People with diabetes are also more likely to have heart failure. Heart failure is a serious condition, but it doesn’t mean the heart has stopped beating; it means your heart can’t pump blood well. This can lead to swelling in your legs and fluid building up in your lungs, making it hard to breathe. Heart failure tends to get worse over time, but early diagnosis and treatment can help relieve symptoms and stop or delay the condition getting worse.

Testing for Heart Disease in Diabetes

The blood pressure, cholesterol levels, sugar levels including Hba1c and weight will help the doctor understand the overall risk for heart disease in a patient. Your doctor may also recommend other tests to check your heart health, which could include:

1. An electrocardiogram (ECG or EKG) to measure your heart’s electrical activity. Your heartbeat is the result of an electrical impulse traveling through your heart.

2. An echocardiogram (echo) to examine how thick your heart muscle is and how well your heart pumps.

3. An exercise stress test (treadmill test) to see how well your heart functions when it’s working hard.


Take Care of Your Heart

These lifestyle changes can help lower your risk for heart disease or keep it from getting worse, as well as help you manage diabetes:

1. Follow a healthy diet. Eat more fresh fruits and vegetables, lean protein, and whole grains. Eat fewer processed foods (such as chips, sweets, fast food) and avoid trans-fat. Drink more water, fewer sugary drinks, and less alcohol.

2. Aim for a healthy weight.

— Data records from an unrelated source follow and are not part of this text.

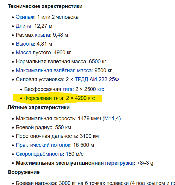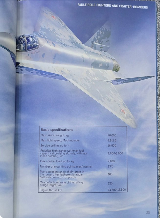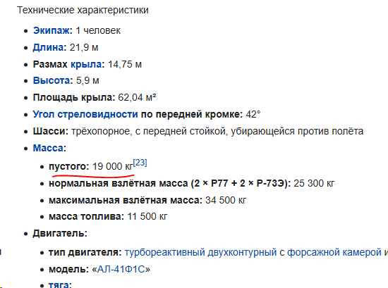 >В открытых источниках пишут что он 18 500 Это же все прикидки не ? Вот например максимальная взлетная для Су-57Э 34 тонн, на Вики 35.5 https://roe.ru/production/multipurpose-fighters-and-fighter-bombers/su-57e/ А так у 57 относительно 35го площадь крыла 1/3 больше если по вики судить и вроде перегоночная дальность
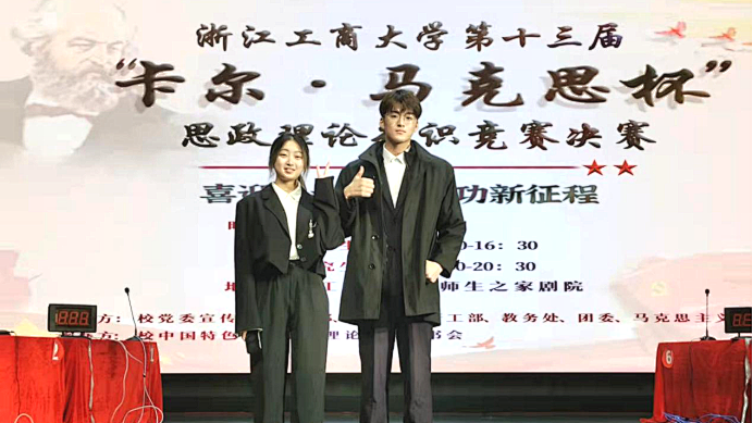 2022年11月20日下午,第十三届“卡尔·马克思杯”思政理论知识竞赛决赛在博彩网站 下沙校区剧院落下帷幕。经过初赛、复赛的层层选拔,本科组共有十支队伍进入决赛。在最后激烈的角逐中,博彩网站 杨静越、方奕、罗颜戈、周晨阳四位同学组成的队伍获得优秀团体二等奖,张明飞老师获得优秀指导教师,博彩网站 获得优秀组织三等奖!
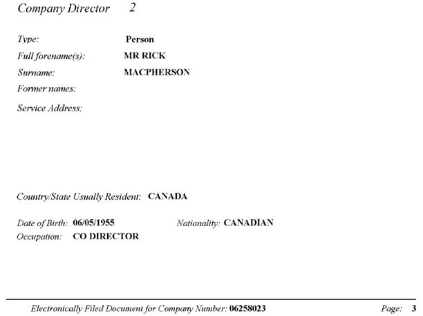 Hier der Registereintrag im Unternehmensregister Großbritannien als Director bei Grunergy:
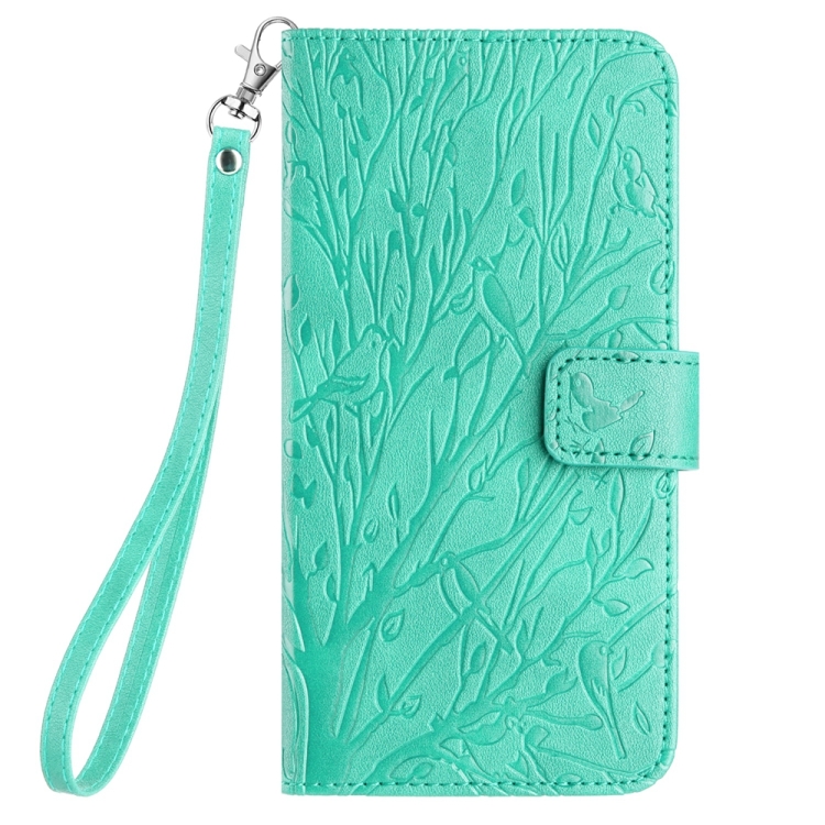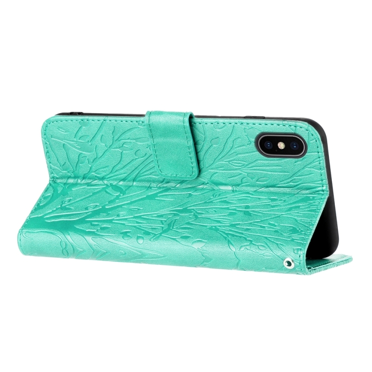 Funda para Teléfono iPhone X Xs Cuero Patrón en Relieve Tree Birds (Verde)
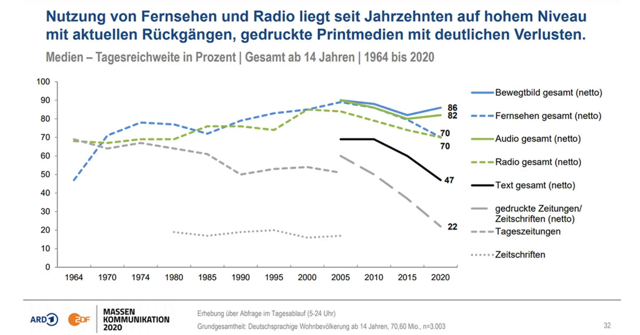 “Aktuell nutzen 94 Prozent der deutschsprachigen Bevölkerung ab 14 Jahren das Internet zumindest gelegentlich. Dies entspricht 66,4 Millionen der insgesamt 70,6 Millionen Personen ab 14 Jahren in Deutschland, was einen Zuwachs von 3,5 Millionen bedeutet. Vor allem die älteren Zielgruppen ab 60 Jahren tragen dazu bei.” – ARD/ZDF-Onlinestudie 2020
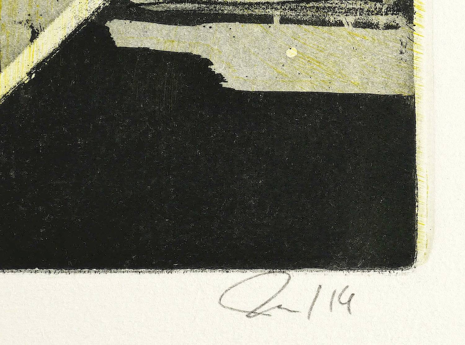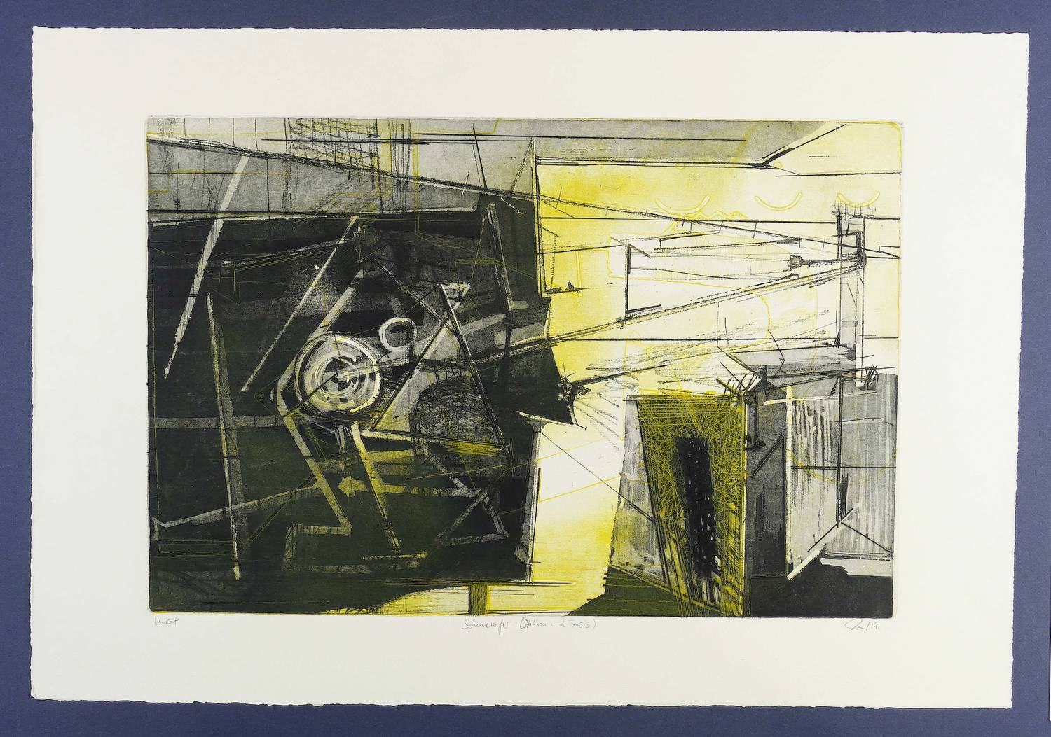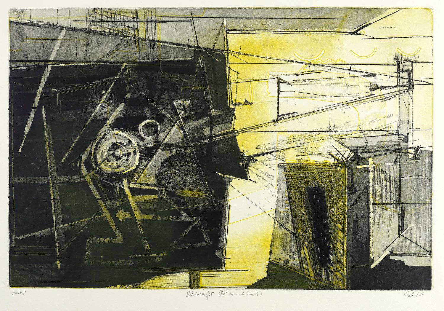 2014. Farbradierung / Strichätzung, Kaltnadel, Aquatinta, Vernis mou & Reservage, von 2 Platten, in Gelb & Schwarz, auf Hahnemühle-Bütten. – Originale Künstlergrafik, von Tanja Pohl. – Unikat. – 40,0 x 59,5 cm (Darstellung / Platte), 54 x 79 cm (Blatt).

If you’re overweight, losing even a modest amount of weight can lower your triglycerides and blood sugar. Modest weight loss means 5% to 7% of body weight, just 5 to 6 kilograms for a 90 kg person.

3. Get active. Being physically active makes your body more sensitive to insulin (the hormone that allows cells in your body to use blood sugar for energy), which helps manage your diabetes. Physical activity also helps control blood sugar levels and lowers your risk of heart disease. Try to get at least 150 minutes per week of moderate-intensity physical activity, such as brisk walking.


Manage your ABCs:

A: Get a regular A1C test to measure your average blood sugar over 3 months; aim to stay close to 7 as much as possible.

B: Aim to keep your blood pressure below 130/80 mm Hg.

C: Manage your cholesterol levels – LDL <100mg/dl

s: Stop smoking or don’t start.

Along with the above manage your stress levels. Stress can raise your blood pressure and can also lead to unhealthy behaviours, such as drinking too much alcohol or overeating. Instead, visit a mental health counsellor, try meditation or deep breathing, get some physical activity, or get support from friends and family.

Your doctor may also prescribe medicines that can help keep your blood sugar, blood pressure, cholesterol, and triglycerides close to your target levels.